■ Data extracted from a collection

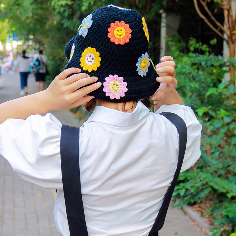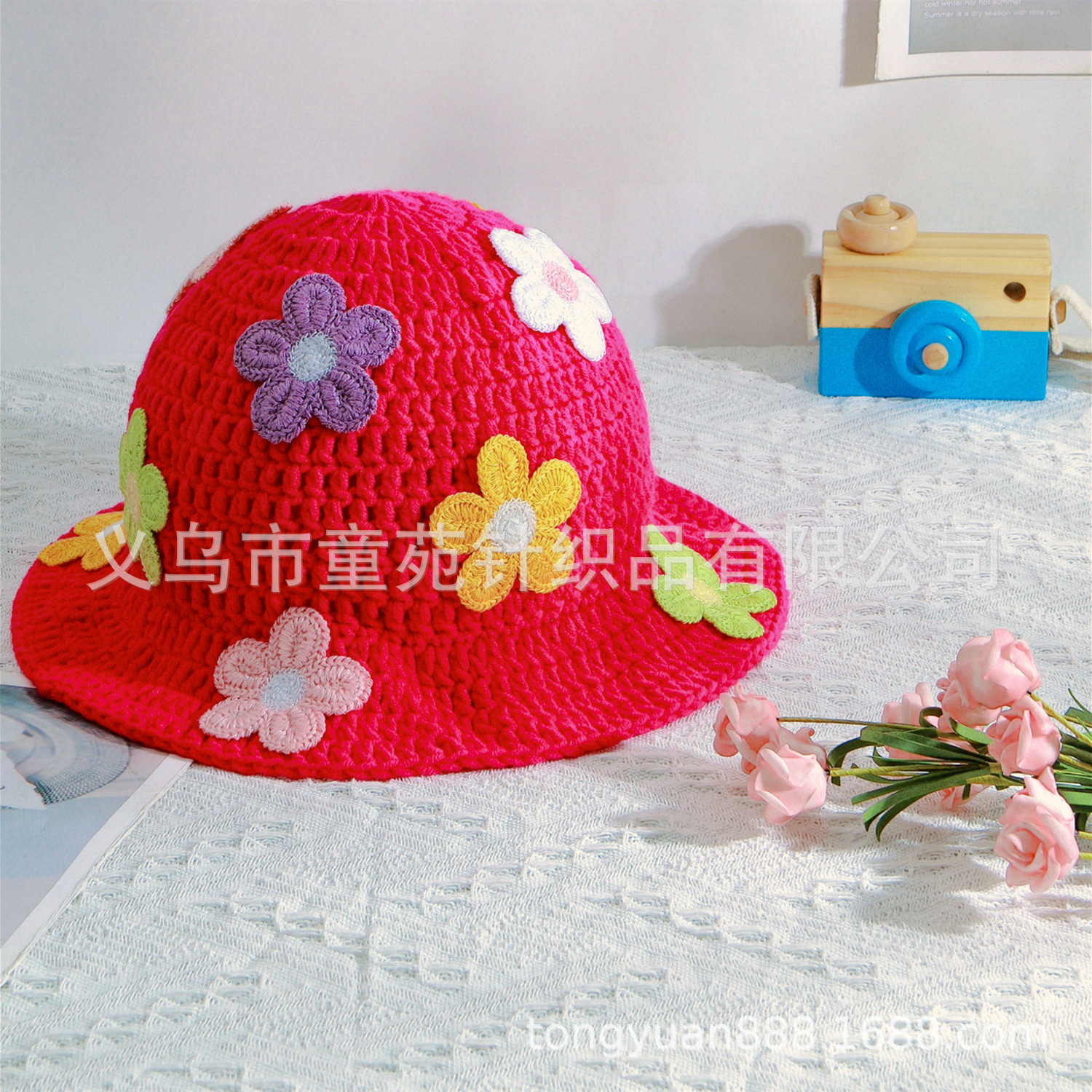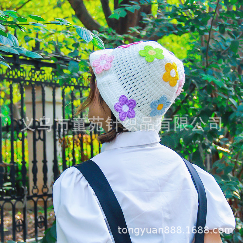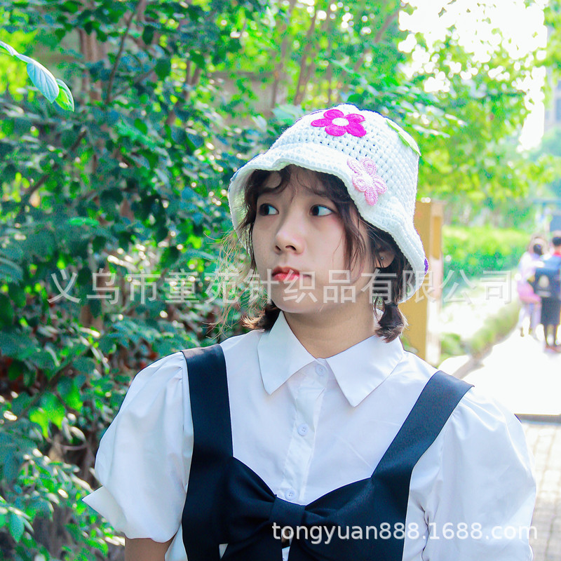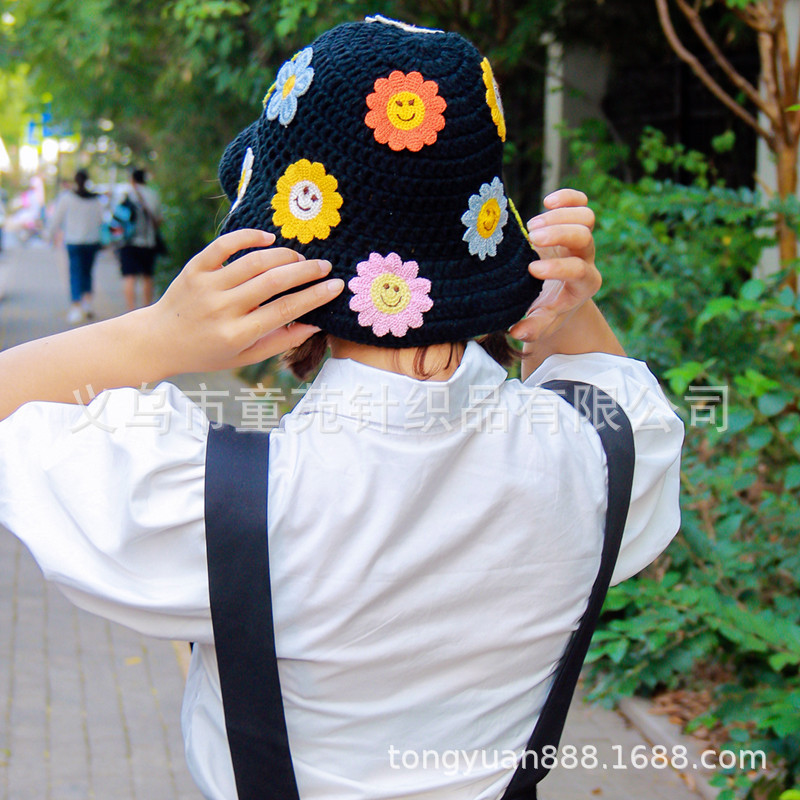 新款韩国渔夫帽百搭韩版毛线钩织手工花朵成人小清新地摊帽子批发
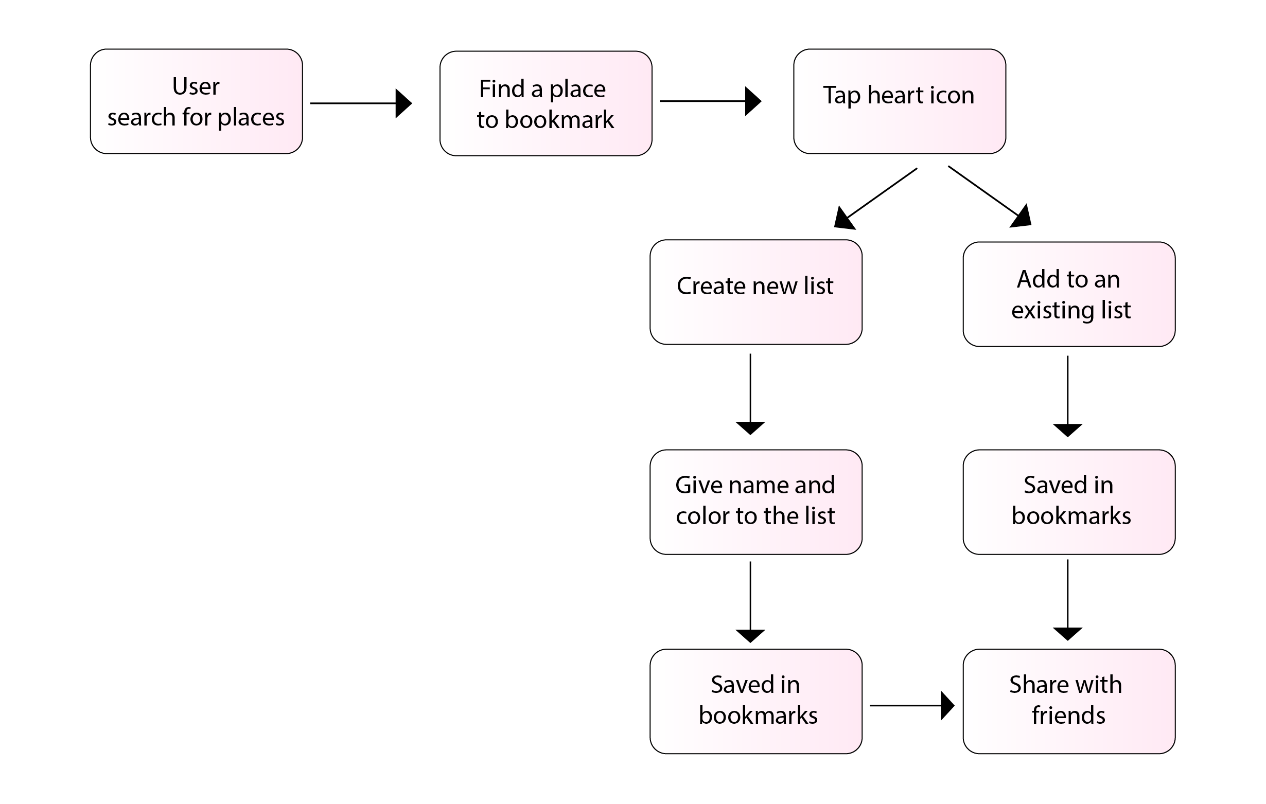 Follwing is the user flow created to analyse the user journey for creating bookmarks in the app
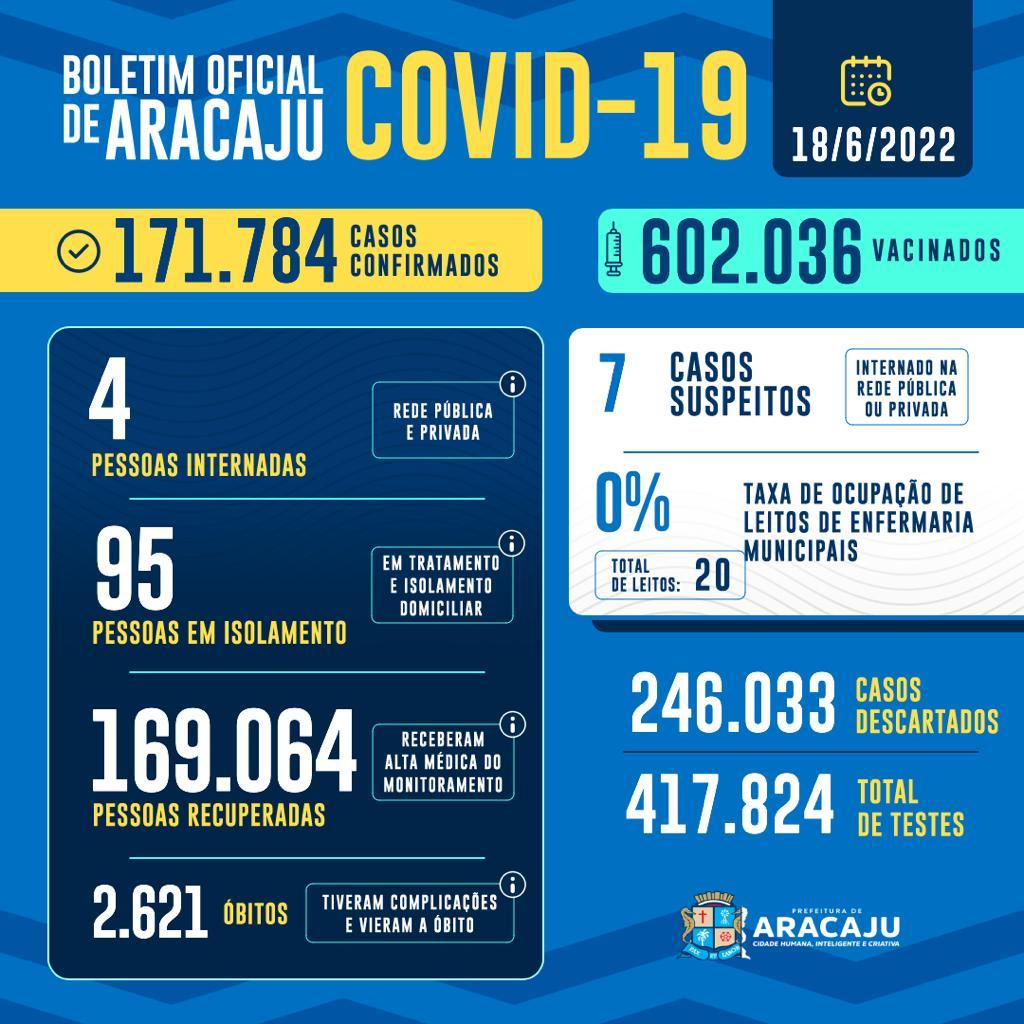 Com isso, 171.784 pessoas foram diagnosticadas com covid-19 em Aracaju. Destas, quatro estão internadas em hospital e 95 pacientes em isolamento domiciliar; 169.064 que estavam infectados já estão recuperados e 2.621 foram a óbito.
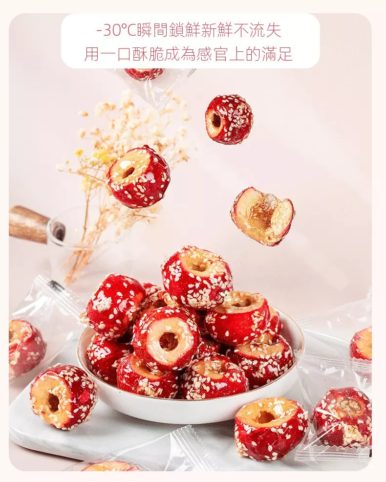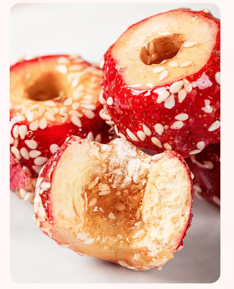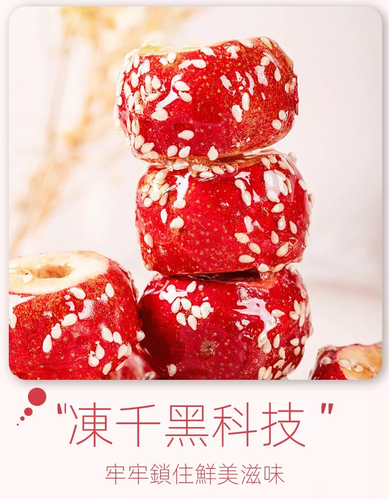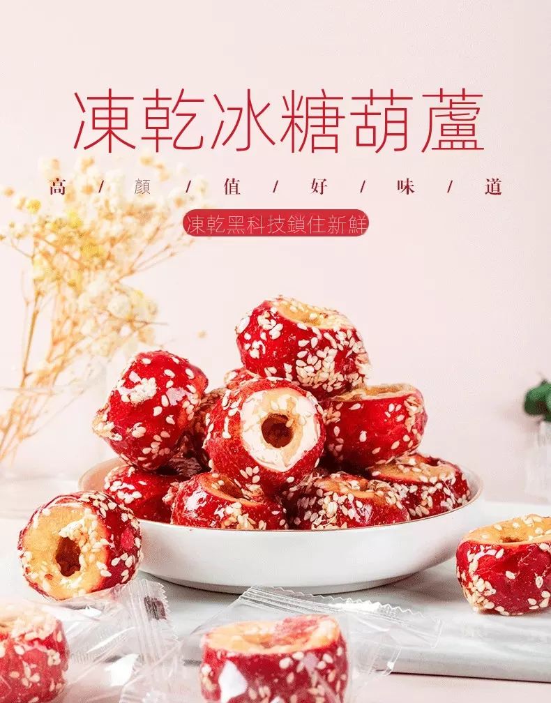 凍乾冰糖葫蘆中的山楂是無核的,含有豐富的微量元素與黃酮類的化合物,老北京蜜餞開胃零食推薦,採用FD凍干技術,保存完整的營養,一口嘎嘣脆,開胃又提神,好吃不怕胖。
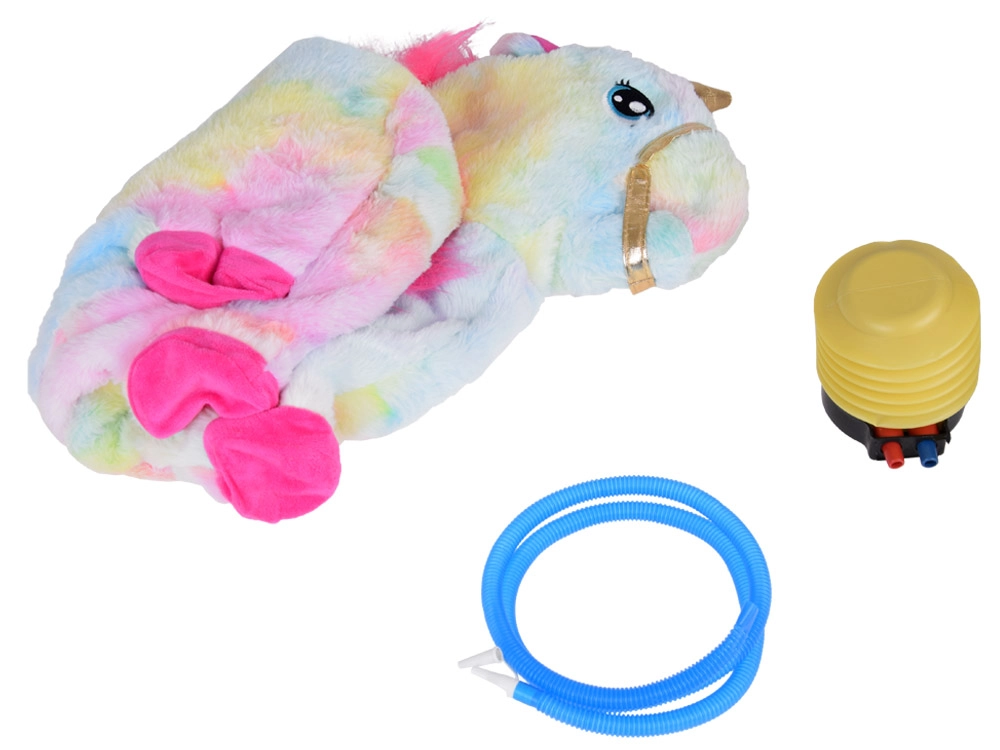 La práctica bomba manual con manguera permite inflar y desinflar el unicornio rápidamente: fácil puesta en marcha, almacenaje y transporte.
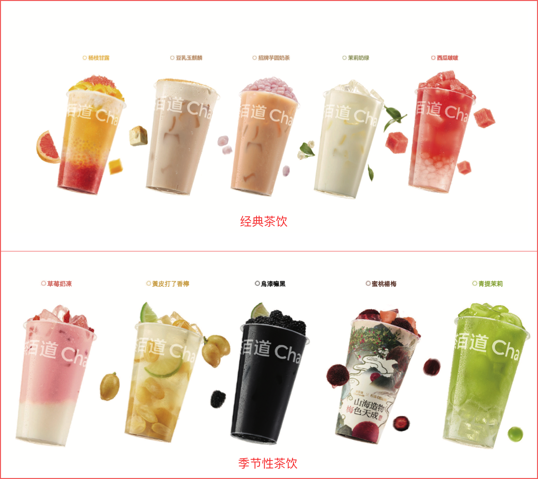 产品方面,茶百道的产品组合包括各种经典茶饮、季节性茶饮及区域性茶饮。在茶百道门店,经典茶饮通常全年供应,而季节性茶饮及区域性茶饮仅在特定时间或区域销售,据茶百道介绍,主要取决于相关时令水果或当地特色水果的可获得性、消费者接受度以及销售及营销因素。
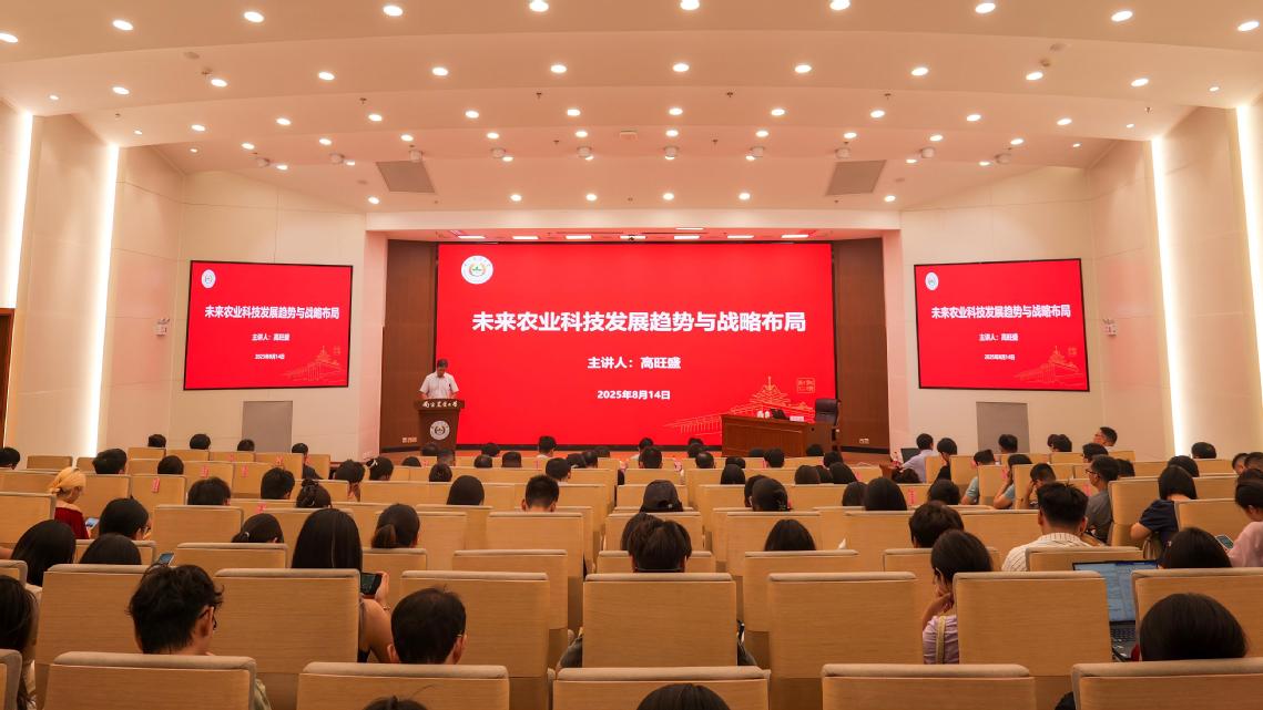 8月14日,中国农业大学国家农业科技战略研究院院长、国家农业科技战略智库联盟执行理事长高旺盛教授应邀为我校作题为“未来农业科技发展趋势与战略布局”的专题报告。副校长王源超、朱艳出席报告会,各学院、各单位负责人及师生代表共200余人参加了报告会。报告会由王源超主持。
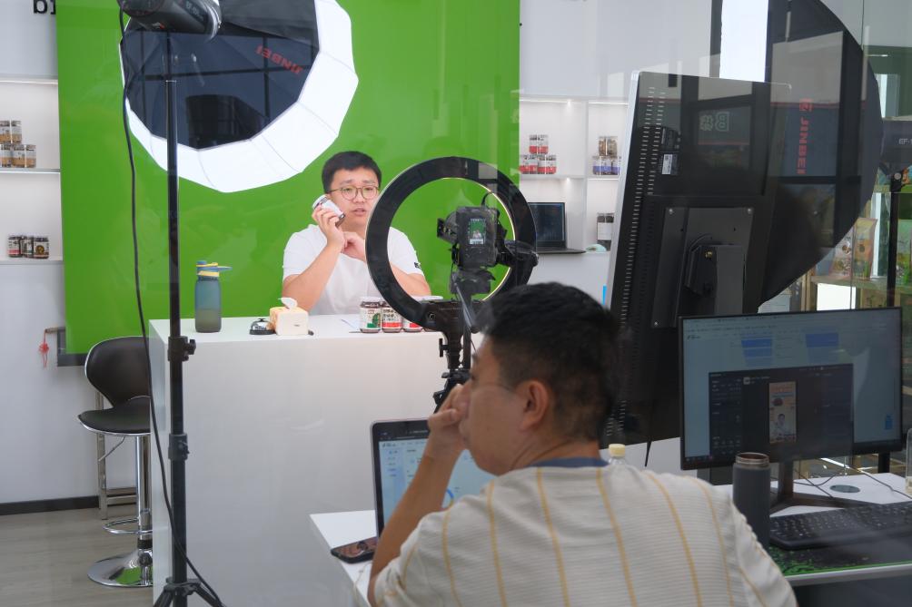 9月6日,銷(xiāo)售人員正在德祥實(shí)業(yè)有限公司內進(jìn)行電商直播。新華社記者 趙鑫虎 攝
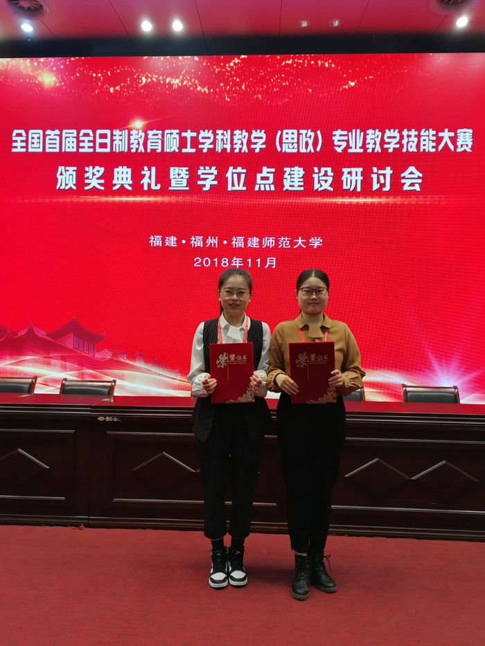 11月21日—23日,由全国教育专业学位研究生教育指导委员会主办的全国首届全日制教育硕士学科教学(思政)专业教学技能大赛(决赛)在福建师范大学举行。经过激烈的角逐,七大罪 2017级学科教学(思政)专业研究生张梦瑶和罗尚泽两位同学双双荣获三等奖。
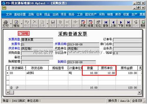 (1)首先打開用友T3財務(wù)軟件,先增加一張采購發(fā)票,在采購模塊點擊“采購發(fā)票”—“增加”輸入存貨(數(shù)量10,單價12元)保存:
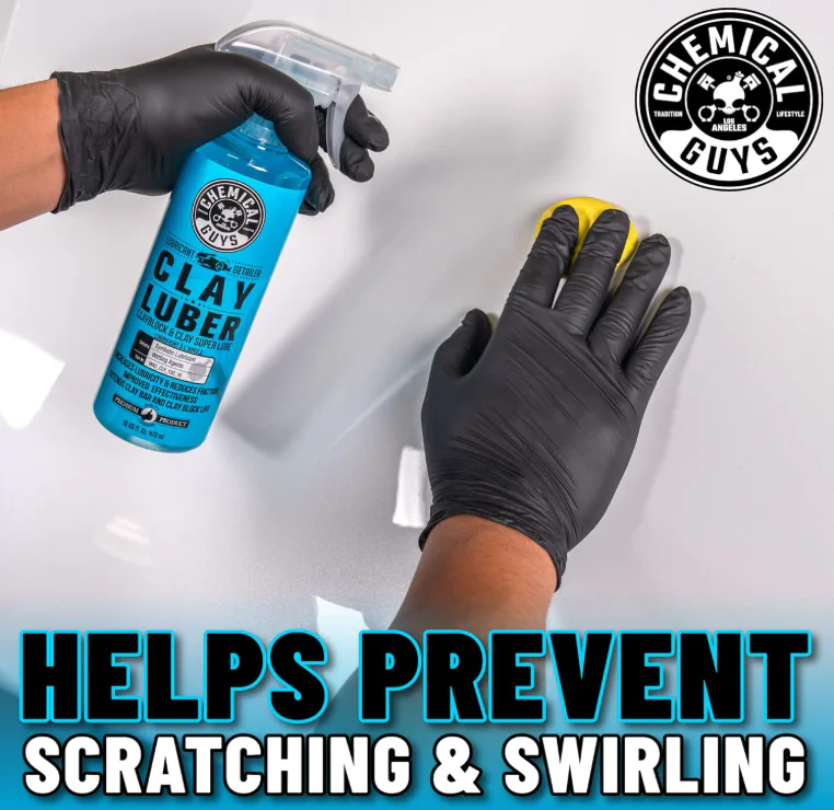 To help your clay bar glide across the surface without getting stuck or marring the glossy shine, you need a lubricant. This is where Clay Luber comes into play: simply mist Clay Luber over the surface to lay down a coat of slick lubrication between the clay bar and your paintwork. Now as the clay bar grabs onto the above-surface contamination stuck on top of the paint, it won’t get stuck to or mar the painted finish.

■ What to do
Restate every record above word for word, without images.

■ Problem solution
 新款韩国渔夫帽百搭韩版毛线钩织手工花朵成人小清新地摊帽子批发
 Follwing is the user flow created to analyse the user journey for creating bookmarks in the app
 Com isso, 171.784 pessoas foram diagnosticadas com covid-19 em Aracaju. Destas, quatro estão internadas em hospital e 95 pacientes em isolamento domiciliar; 169.064 que estavam infectados já estão recuperados e 2.621 foram a óbito.
 凍乾冰糖葫蘆中的山楂是無核的,含有豐富的微量元素與黃酮類的化合物,老北京蜜餞開胃零食推薦,採用FD凍干技術,保存完整的營養,一口嘎嘣脆,開胃又提神,好吃不怕胖。
 La práctica bomba manual con manguera permite inflar y desinflar el unicornio rápidamente: fácil puesta en marcha, almacenaje y transporte.
 产品方面,茶百道的产品组合包括各种经典茶饮、季节性茶饮及区域性茶饮。在茶百道门店,经典茶饮通常全年供应,而季节性茶饮及区域性茶饮仅在特定时间或区域销售,据茶百道介绍,主要取决于相关时令水果或当地特色水果的可获得性、消费者接受度以及销售及营销因素。
 8月14日,中国农业大学国家农业科技战略研究院院长、国家农业科技战略智库联盟执行理事长高旺盛教授应邀为我校作题为“未来农业科技发展趋势与战略布局”的专题报告。副校长王源超、朱艳出席报告会,各学院、各单位负责人及师生代表共200余人参加了报告会。报告会由王源超主持。
 9月6日,銷(xiāo)售人員正在德祥實(shí)業(yè)有限公司內進(jìn)行電商直播。新華社記者 趙鑫虎 攝
 11月21日—23日,由全国教育专业学位研究生教育指导委员会主办的全国首届全日制教育硕士学科教学(思政)专业教学技能大赛(决赛)在福建师范大学举行。经过激烈的角逐,七大罪 2017级学科教学(思政)专业研究生张梦瑶和罗尚泽两位同学双双荣获三等奖。
 (1)首先打開用友T3財務(wù)軟件,先增加一張采購發(fā)票,在采購模塊點擊“采購發(fā)票”—“增加”輸入存貨(數(shù)量10,單價12元)保存:
 To help your clay bar glide across the surface without getting stuck or marring the glossy shine, you need a lubricant. This is where Clay Luber comes into play: simply mist Clay Luber over the surface to lay down a coat of slick lubrication between the clay bar and your paintwork. Now as the clay bar grabs onto the above-surface contamination stuck on top of the paint, it won’t get stuck to or mar the painted finish.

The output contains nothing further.